### WHAT THE EXERCISE ASKS
For the data below, give the number of lines containing "tiêu" and nothing more.
** Opening DATA LISTING block **
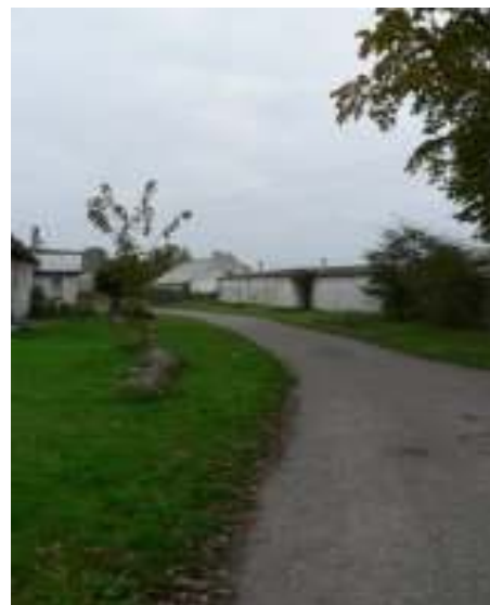
Istniejący stan drogi – aktualny stan techniczny.
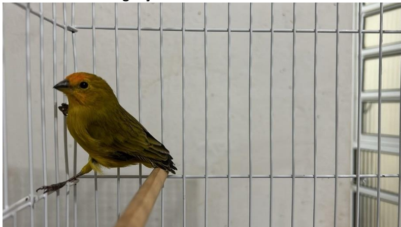
(49329) - Canário-da-terra, adulto, macho, entrega voluntária de Bragança Paulista no dia 08-05-2024
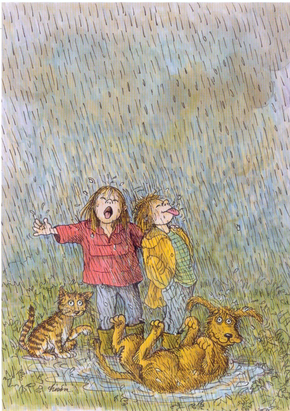
Worsaaesvej 9 • 1972 Frederiksberg C
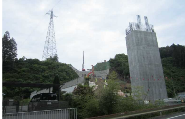
▲No271から終点側を望む [鹿折橋(仮)]
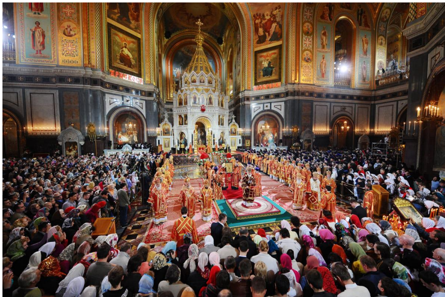
Пасхальное Богослужение в Храме Христа Спасителя (г. Москва)

Справка: Это «Слово на Пасху» святителя Иоанна Златоуста читается в храме во время ночной праздничной службы перед началом литургии после пасхального канона. Таким образом Церковь признает это слово единственным полностью выражающим смысл Праздника, настолько полно, что без него немислима
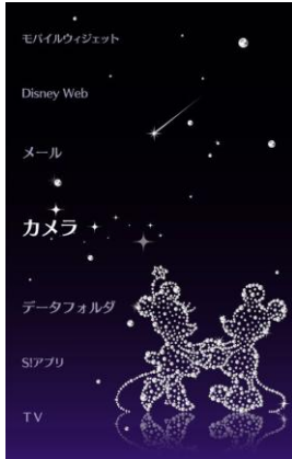
きせかえアレンジ 「Sparkling Diamond」

また、ディズニーのキャラクターと対戦できる「ディズニー オセロ」や、「人生ゲーム ディズニー版 お試しアプリ」を DM005SH にプリインストールしています。
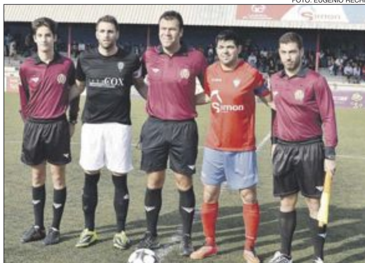
Imagen de archivo del partido de ida contra el equipo de Cox

En el minuto 73 se reclamó un penalti cometido sobre Juan-
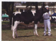
1部 真岡市 真岡北陸高校
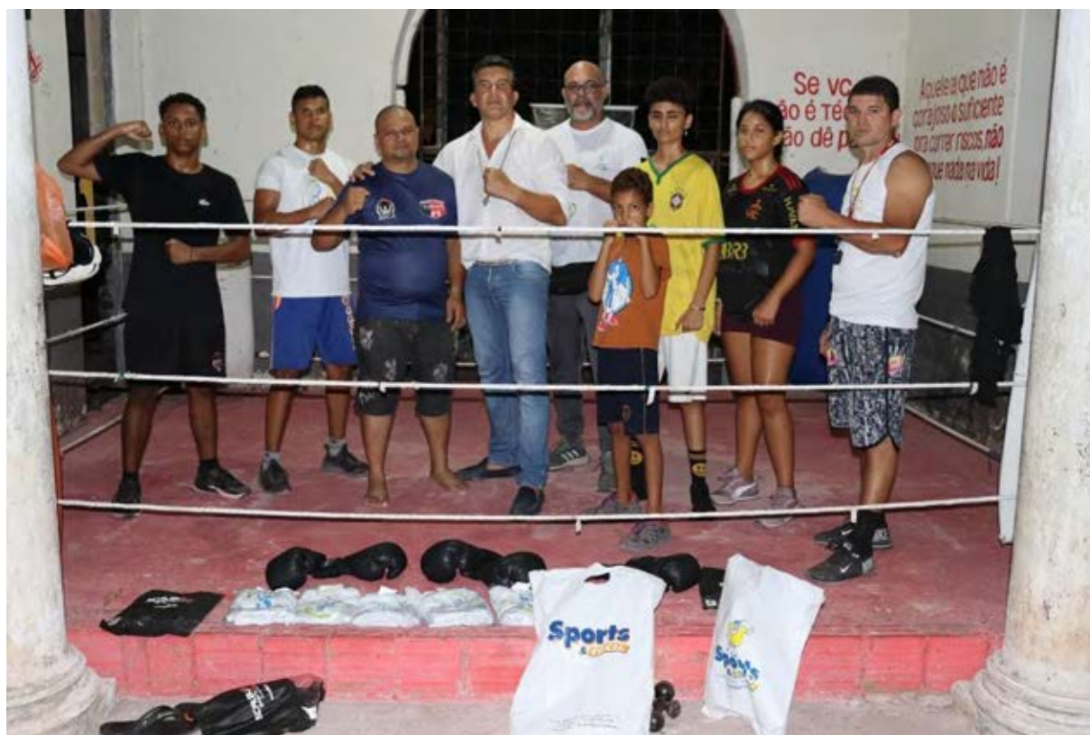
Figura 37 - Entrega material Boxe
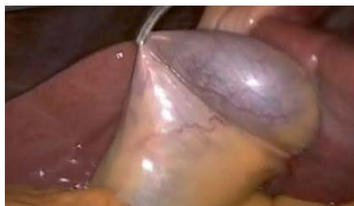
Figura 1. En esta foto se observa implantación de la vesícula biliar en el segmento III hepático y del lado izquierdo del ligamento suspensorio.

durante el transcurso de la cirugía se identifica vesícula biliar siniestra, localizada en el segmento III hepático, del lado izquierdo del ligamento suspensorio hepático ( Figuras 1 a 3 ). Se decide no agregar trocares auxiliares, llevando a cabo colecistectomía con colocación de puertos de forma convencional identificando las diversas
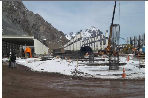
Estructura – Edificio de Control
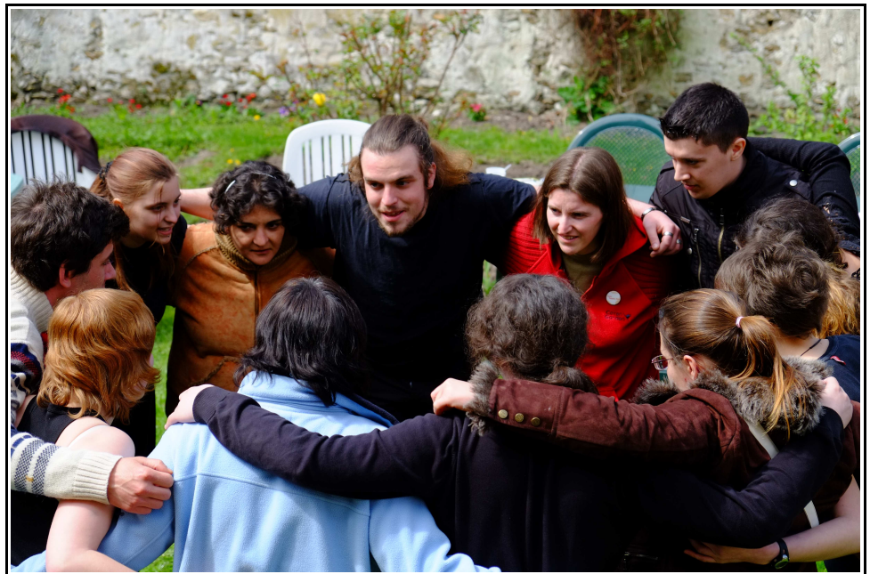
Petit salon des tendresses voyageur - avril 2013 Appartements thérapeutiques Erasme

Ces paysages dans lesquels on devrait pouvoir à l'instant plonger les yeux et ne plus rien trouver d'habituel ensuite autour de soi.
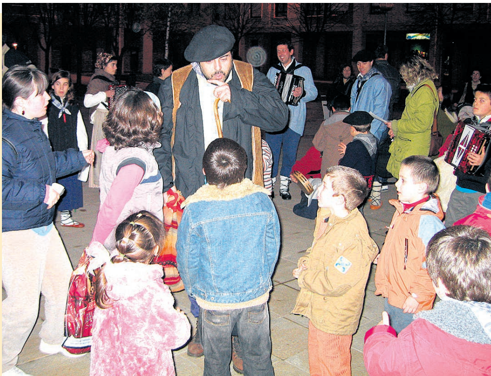
Olentzero nunca ha fallado a los niños de Basauri.

• Arizgoiti plaza. 11:00-13:00 h. 31 diciembre.
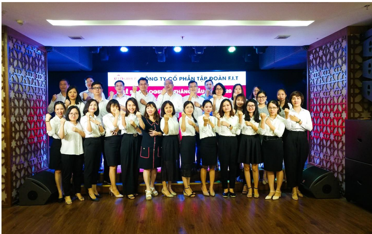
FITers cam kết thực hiện mục tiêu năm 2020 đã đề ra

Trong 6 tháng đầu năm vừa qua, nền kinh tế Việt Nam chứng kiến nhiều biến động và khó khăn do dịch bệnh Covid 19 gây ra, khiến cho các mảng kinh doanh của FIT gặp nhiều thách thức, nhưng với sự nỗ lực và tinh thần quyết tâm của một tập thể gắn kết, Ban Lãnh đạo và toàn thể CBNV đã bền vững tay lái, vượt qua mọi sóng gió và đã đạt được những kết quả ấn tượng. Lợi nhuận sau thuế hợp nhất ước tính đạt 106% kế hoạch 6 tháng đầu năm. Kết quả này một lần nữa khẳng định đường lối và chiến lược hoạt động đã đưa ra trong OGSM từ đầu năm là hoàn toàn đúng đắn, từ chủ trương tập trung vào các ngành hàng nòng cốt là Dược phẩm, Hàng tiêu dùng và Nông nghiệp – Thực phẩm tạo nền tảng cho sự phát triển bền vững của FIT trong các mảng kinh doanh, đến việc phối hợp nhân sự chặt chẽ giữa các phòng, ban trong Tập đoàn và đội ngũ nhân sự các công ty thành viên. Nhờ những nỗ lực đồng bộ đó mà các chỉ số % hoàn thành kế hoạch của 6 tháng đầu năm của các phòng, ban của Tập đoàn đều đạt mốc ấn tượng, giúp cho Ban Lãnh đạo và toàn thể CBNV FIT Group hoàn toàn tự tin để chinh phục các mục tiêu đã đặt ra của cả năm 2020.
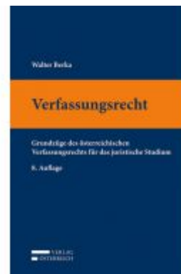
Verfassungsrecht Ladenpreis: 56,00 EUR
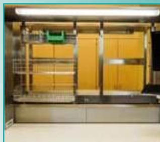
Edelstahl-Drahtkörbe in verschiedenen Größen und Ausführungen
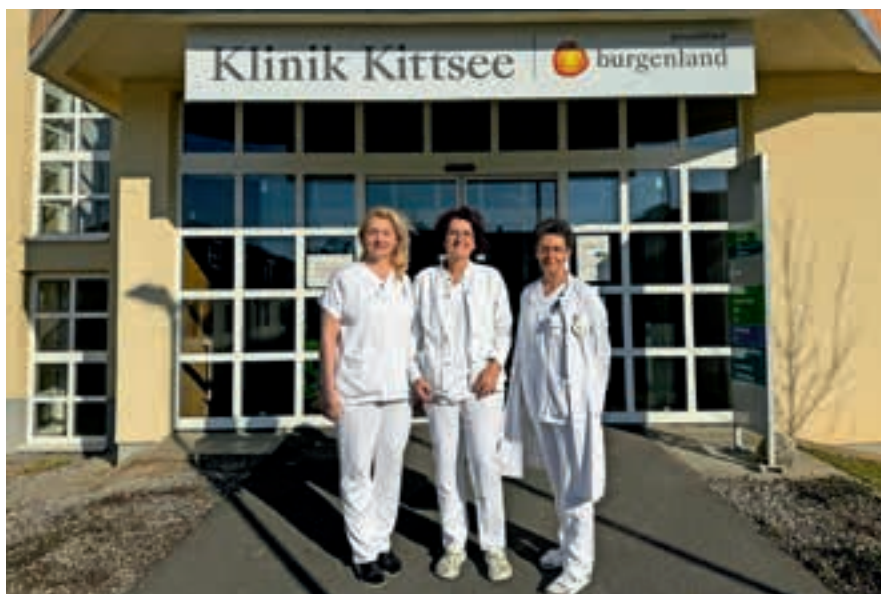
Das Team der Schmerzambulanz der Klinik Kittsee
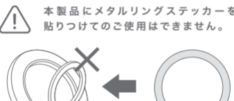
メタルリングステッカー
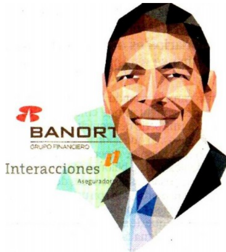
Carlos Hank González Jr.
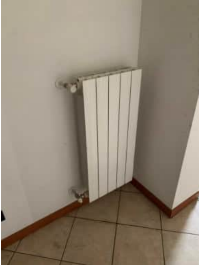
Termosifoni in alluminio
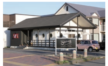
白い壁とテラスデッキが目をおしゃれな店舗
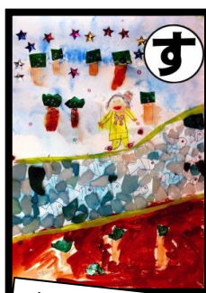
す すきとおる 中栗川には 魚がいっぱい
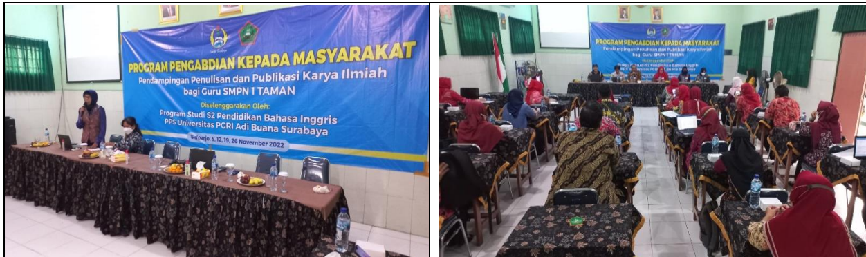
Gambar 1. Pelatih yang sedang melakukan ekspositori materi (kiri) dan para guru SMP Negeri 1 Taman, Sidoarjo (Kanan)

Setiap sesi memberikan kuis untuk menjadi informasi pengetahuan dan pemahaman para guru tentang tema yang tersebut. Tema Penulisan Karya Ilmiah dan Publikasi pada Online Journal System Menyusun 10 pertanyaan dan balikan dari para guru peserta dapat dilihat pada Tabel 2. Peserta yang memberikan respon terhadap kuis adalah 19 orang dari total peserta 30 orang.
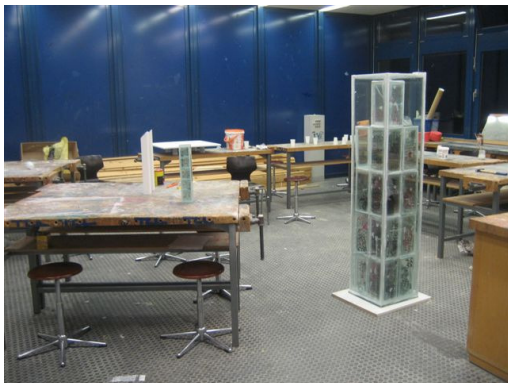
Donnerstagabend: Fertigstellung der Stele
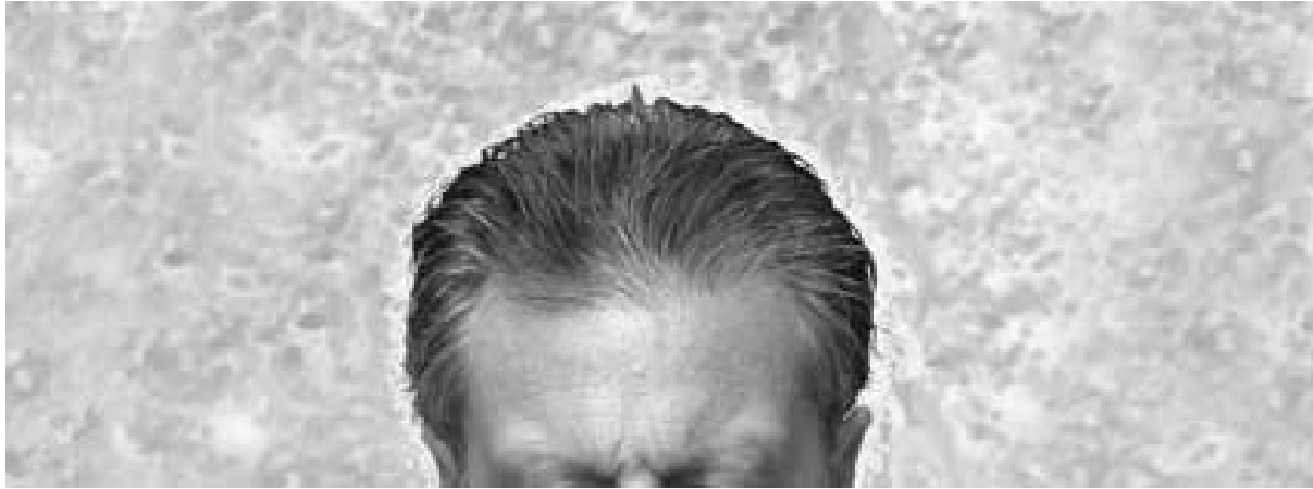
Geist' digitale print op canvas
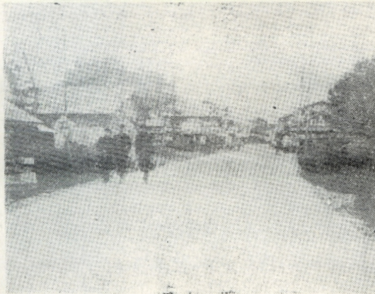
一写 真一 上...完成した新校舎 下...舗装の終わった鎌谷道

松島町に四十年十一月から総工費二億七千七百六十八万五千円をかけて建設していた、五所川原第一中学校の新校舎は、現在、工事中の屋内体操場(一、七二二平方呎)を残して完成しました。
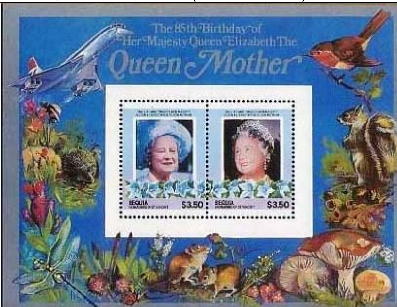
Ilustración en margen del BF: Odonata : Aeschnidae + Hymenoptera : Apidae : Bombus sp.

1985 Agosto 29 : Reina Madre, 2 BF de 2 valores (Scott : 211-212).
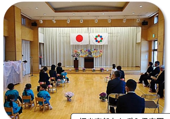
福光南部あおぞら保育園

福光南部あおぞら保育園 入園児 5名 (西太美地区は0名) 福光南部小学校 新入生 11名 (西太美地区は1名) 福光中学校 新入生 74名 (西太美地区は7名)
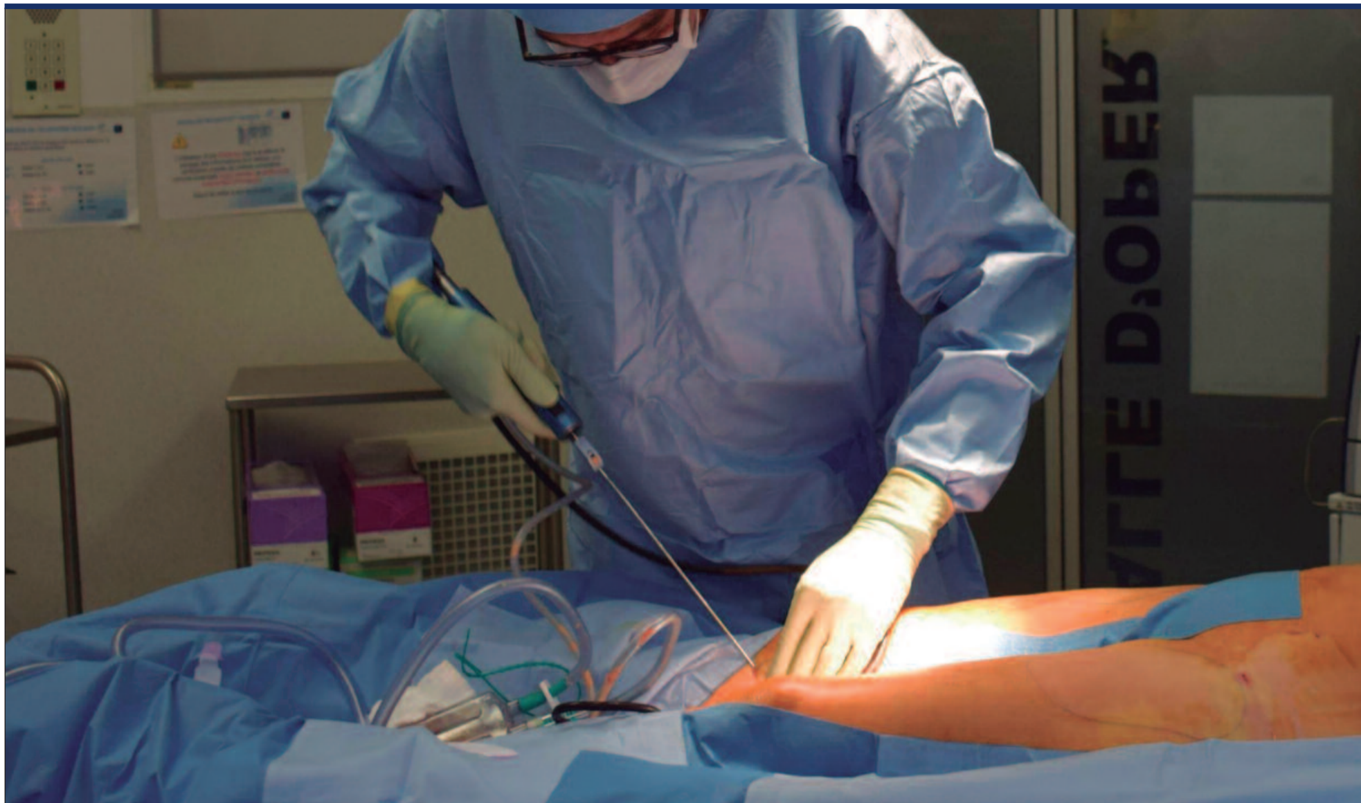
A lipoaspiração é um procedimento destinado à remoção de gordura localizada em áreas específicas do corpo
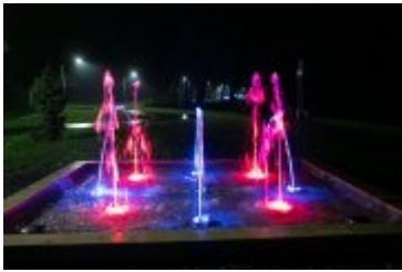
• 2020-10-07-Rabczańskie bulwary nocą
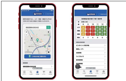
施工指数の画面表示例（土工、路盤、舗装）
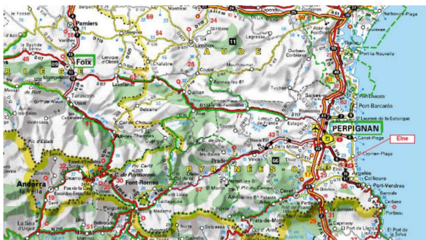
Figure 1: Situation de la commune de Elne

Elle est membre de la communauté de communes « Albères - Côte Vermeille - Illibéris » (15 communes et 55 751 habitants – INSEE 2019) et est incluse dans le périmètre du schéma de cohérence territoriale (SCoT) « Littoral Sud » dont la révision a été approuvée le 2 mars 2020 et dont elle constitue un « pôle structurant » 2 .
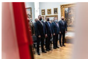
Uroczystość wręczenia Krzyży Wolności i Solidarności – Lublin, 14 grudnia 2021.
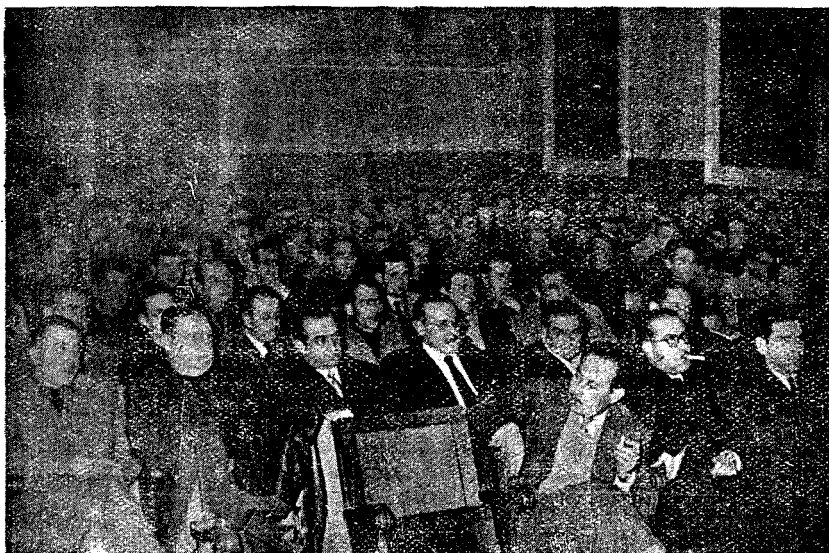
ASPECTO DEL SALÓN DURANTE EL ACTO

loquio donde algunos componentes de la Guardia de Franco intervinieron, pidiendo aclaraciones.
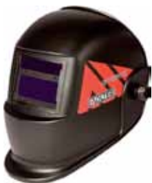
MOYTER PANTALLA SOLDAR ELECTRONICA OPTIMATIC 055
** Closing DATA LISTING block **
### OUTPUT BELOW
2